* _Task instructions_
In the entries below, find the line with "Figure 3. The" and the line with "Welcome home to". Repeat exactly everything between them, those two lines included, but not the pictures.
BEGIN Records to process
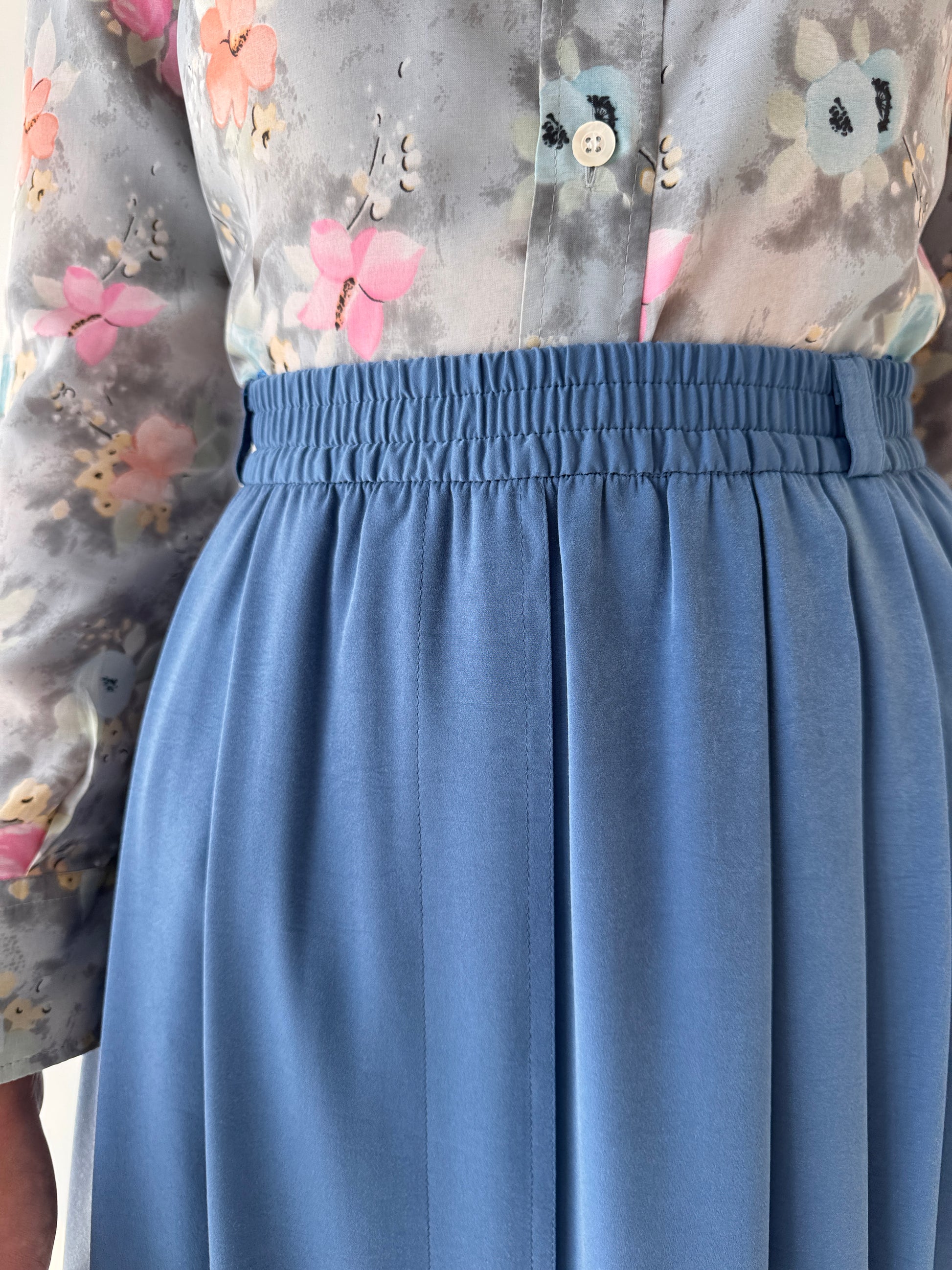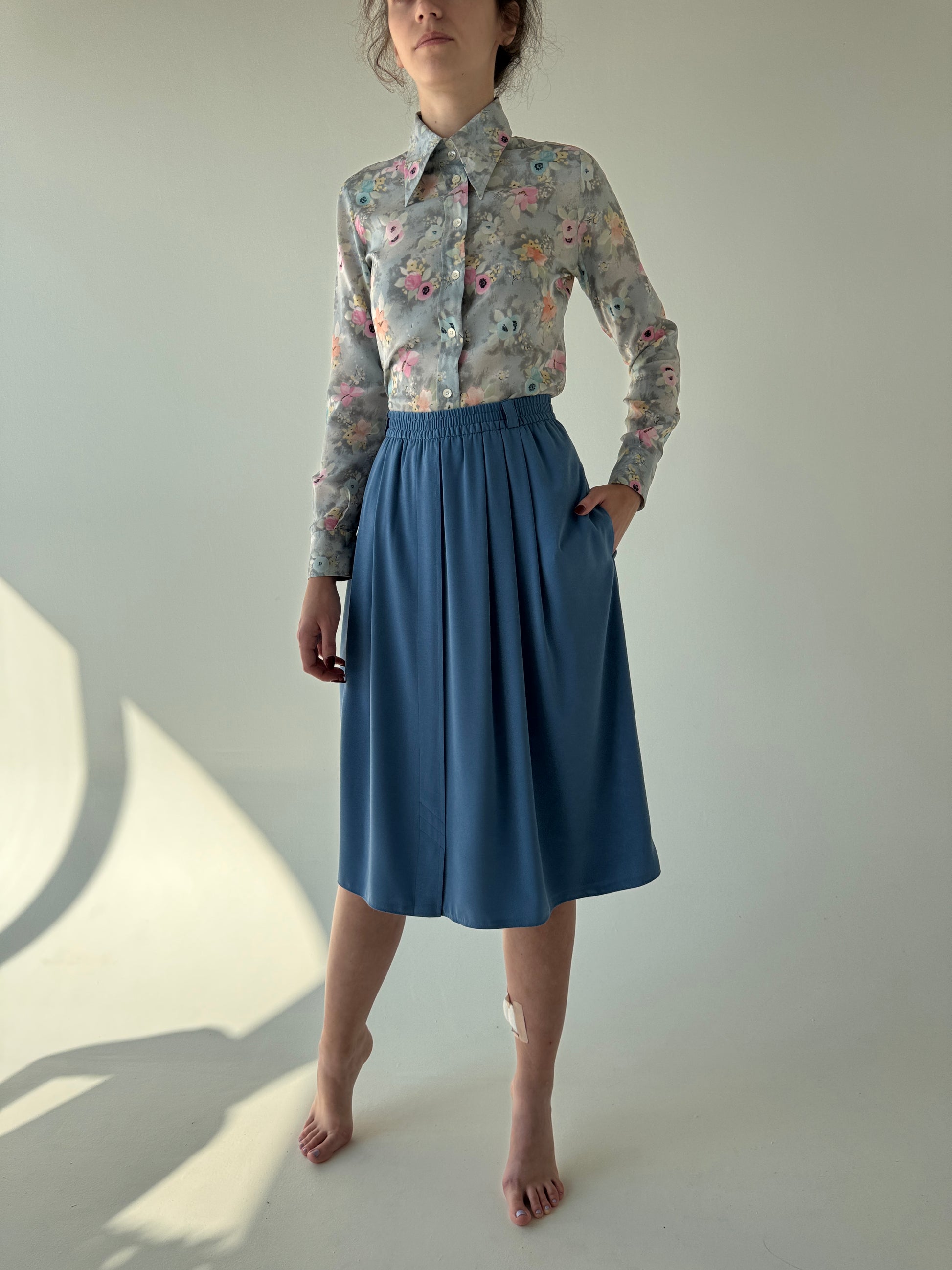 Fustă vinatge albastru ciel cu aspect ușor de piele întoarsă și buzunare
END Records to process
BEGIN Records to process
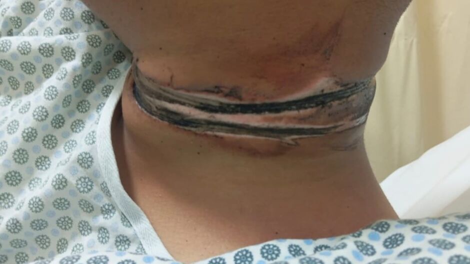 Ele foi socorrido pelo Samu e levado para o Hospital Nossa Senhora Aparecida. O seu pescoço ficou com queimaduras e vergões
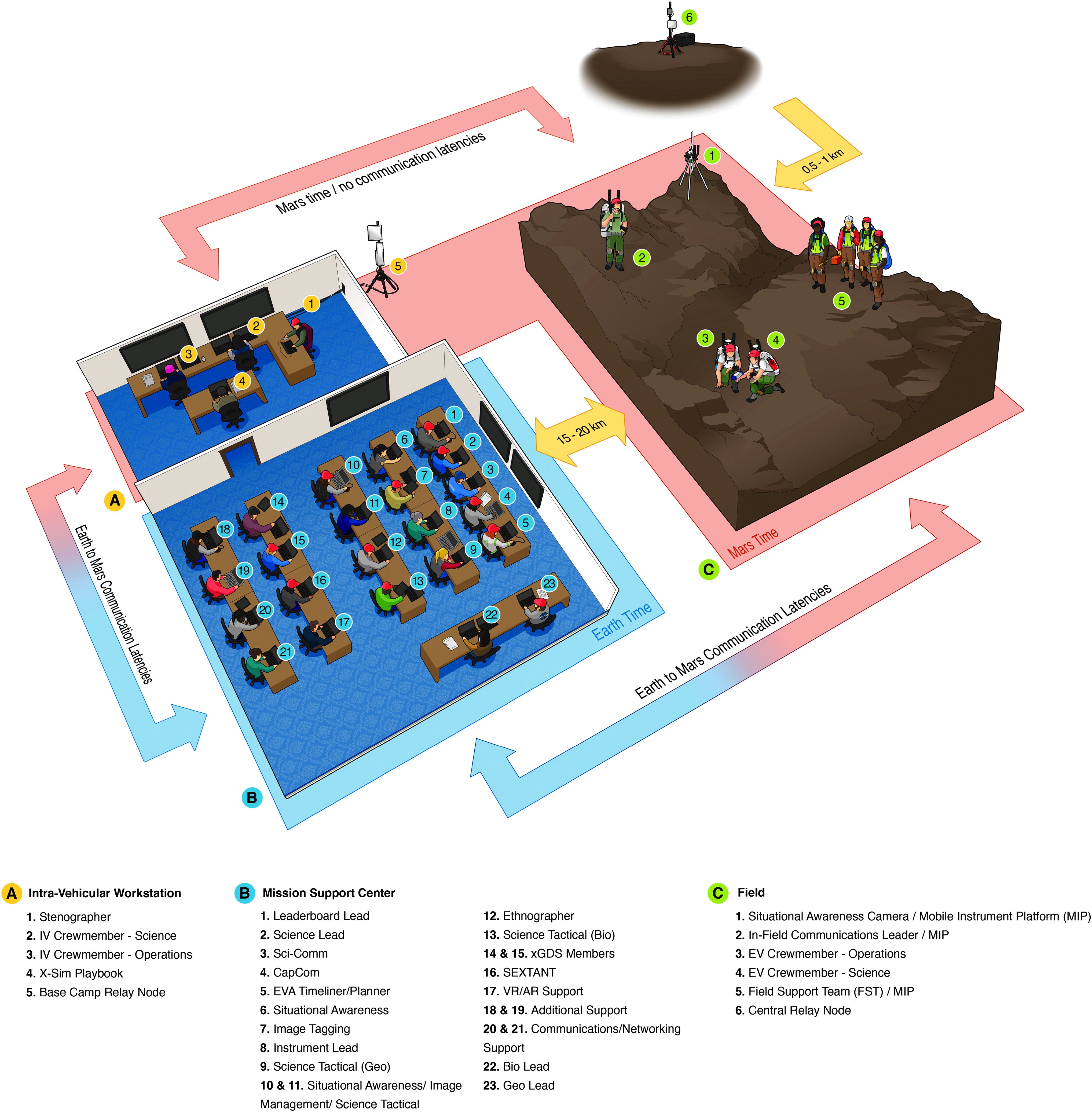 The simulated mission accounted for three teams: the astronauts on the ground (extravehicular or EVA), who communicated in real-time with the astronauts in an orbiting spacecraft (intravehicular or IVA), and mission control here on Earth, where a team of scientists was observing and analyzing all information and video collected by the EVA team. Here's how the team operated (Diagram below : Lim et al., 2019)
END Records to process
BEGIN Records to process
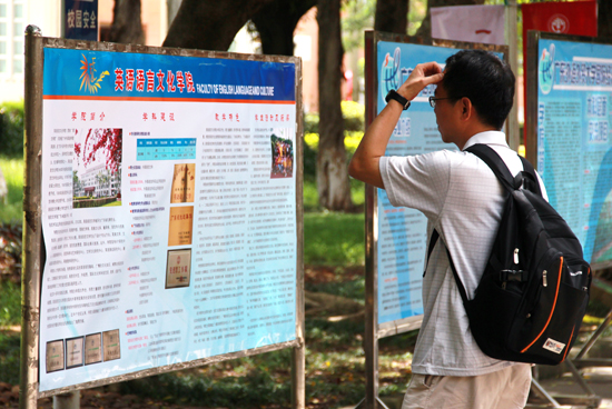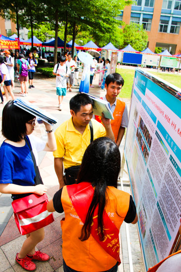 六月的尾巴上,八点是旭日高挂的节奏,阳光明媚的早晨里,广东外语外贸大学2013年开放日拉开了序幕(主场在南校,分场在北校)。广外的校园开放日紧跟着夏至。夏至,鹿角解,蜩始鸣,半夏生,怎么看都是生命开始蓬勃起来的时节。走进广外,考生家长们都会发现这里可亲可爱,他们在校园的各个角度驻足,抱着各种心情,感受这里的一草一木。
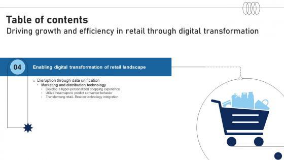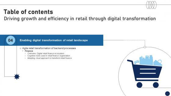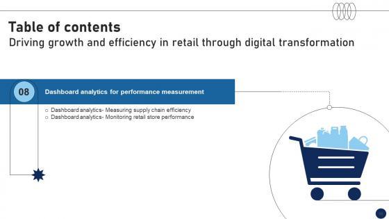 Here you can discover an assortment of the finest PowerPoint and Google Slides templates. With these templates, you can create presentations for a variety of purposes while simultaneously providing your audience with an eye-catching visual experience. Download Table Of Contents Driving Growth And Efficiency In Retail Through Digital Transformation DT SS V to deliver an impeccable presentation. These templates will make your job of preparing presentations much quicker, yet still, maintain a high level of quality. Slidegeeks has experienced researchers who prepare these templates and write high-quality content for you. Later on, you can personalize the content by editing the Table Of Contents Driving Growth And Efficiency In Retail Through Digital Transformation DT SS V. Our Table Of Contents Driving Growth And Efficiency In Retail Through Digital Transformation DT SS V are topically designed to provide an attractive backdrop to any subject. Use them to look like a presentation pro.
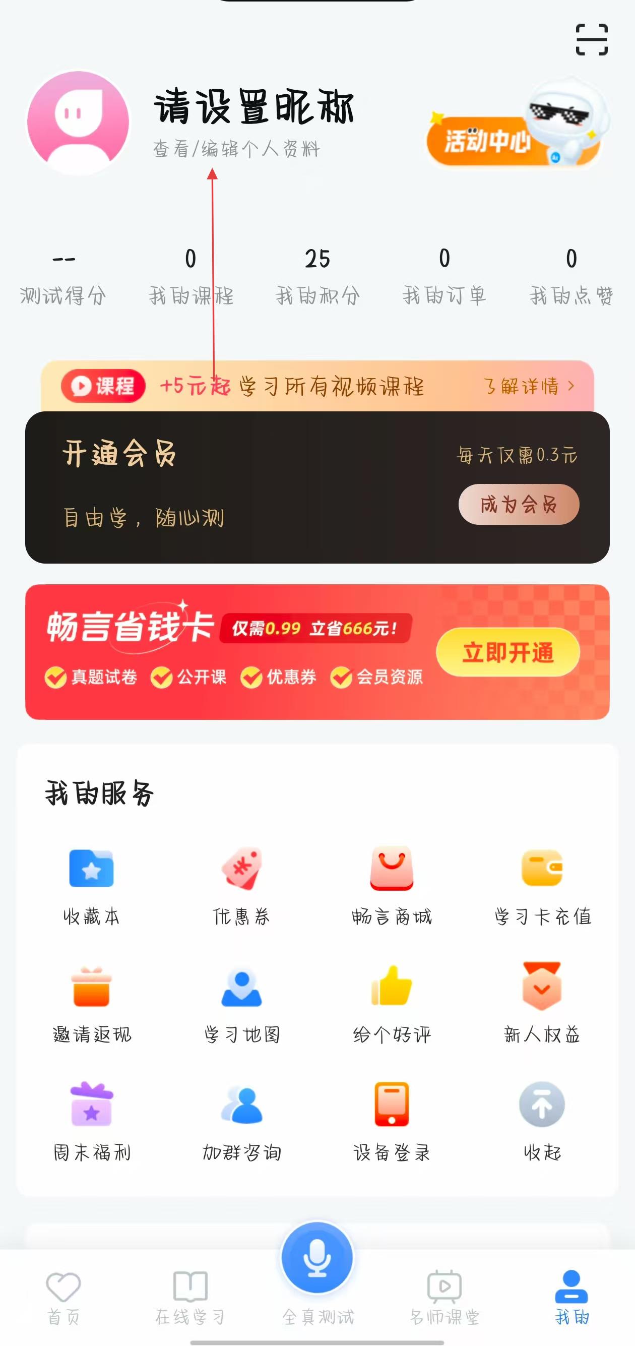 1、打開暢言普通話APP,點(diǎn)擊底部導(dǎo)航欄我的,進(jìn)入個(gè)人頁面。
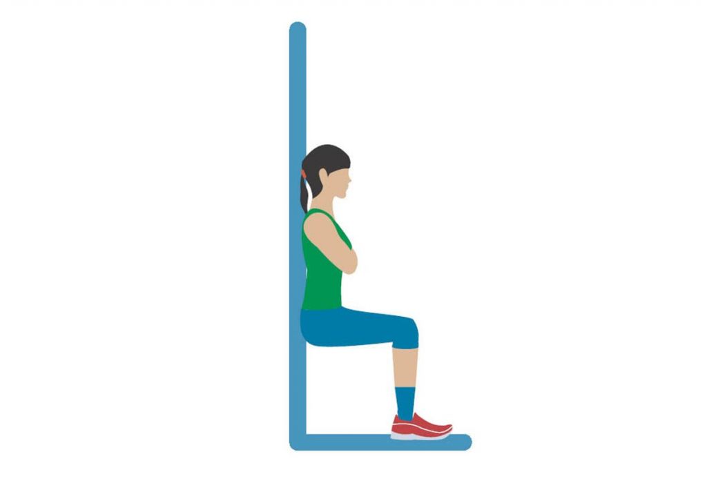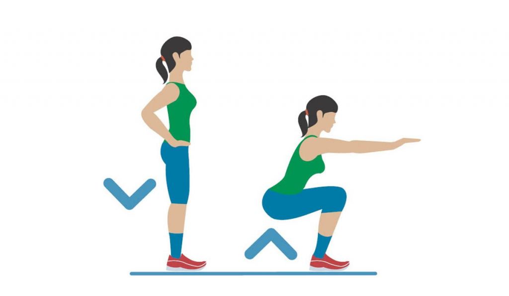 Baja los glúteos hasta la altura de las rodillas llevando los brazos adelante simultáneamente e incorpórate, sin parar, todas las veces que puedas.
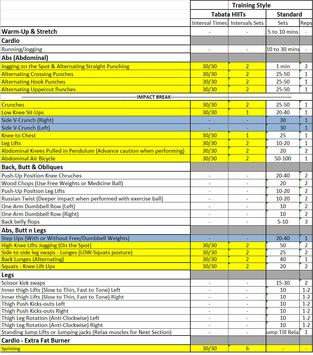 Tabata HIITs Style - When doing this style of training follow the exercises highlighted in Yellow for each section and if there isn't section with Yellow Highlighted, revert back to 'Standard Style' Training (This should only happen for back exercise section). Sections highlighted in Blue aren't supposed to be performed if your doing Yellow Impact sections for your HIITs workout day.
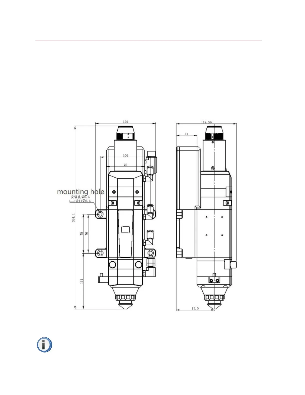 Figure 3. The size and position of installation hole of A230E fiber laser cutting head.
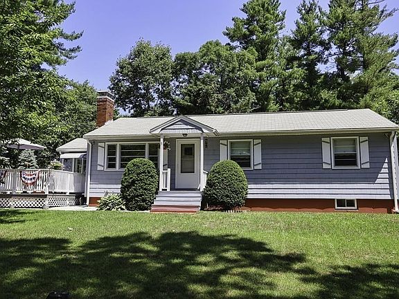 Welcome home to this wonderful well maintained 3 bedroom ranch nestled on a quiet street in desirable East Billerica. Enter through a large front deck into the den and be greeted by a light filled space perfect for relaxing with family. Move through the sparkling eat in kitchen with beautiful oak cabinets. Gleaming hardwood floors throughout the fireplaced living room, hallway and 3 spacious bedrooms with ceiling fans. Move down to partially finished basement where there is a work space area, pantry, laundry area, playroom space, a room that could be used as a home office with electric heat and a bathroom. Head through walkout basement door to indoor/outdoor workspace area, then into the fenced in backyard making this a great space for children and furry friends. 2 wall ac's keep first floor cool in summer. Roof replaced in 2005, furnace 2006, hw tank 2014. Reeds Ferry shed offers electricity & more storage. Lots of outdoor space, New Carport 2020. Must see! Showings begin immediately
END Records to process
* _Answer to the exercise_
 Figure 3. The size and position of installation hole of A230E fiber laser cutting head.
 Welcome home to this wonderful well maintained 3 bedroom ranch nestled on a quiet street in desirable East Billerica. Enter through a large front deck into the den and be greeted by a light filled space perfect for relaxing with family. Move through the sparkling eat in kitchen with beautiful oak cabinets. Gleaming hardwood floors throughout the fireplaced living room, hallway and 3 spacious bedrooms with ceiling fans. Move down to partially finished basement where there is a work space area, pantry, laundry area, playroom space, a room that could be used as a home office with electric heat and a bathroom. Head through walkout basement door to indoor/outdoor workspace area, then into the fenced in backyard making this a great space for children and furry friends. 2 wall ac's keep first floor cool in summer. Roof replaced in 2005, furnace 2006, hw tank 2014. Reeds Ferry shed offers electricity & more storage. Lots of outdoor space, New Carport 2020. Must see! Showings begin immediately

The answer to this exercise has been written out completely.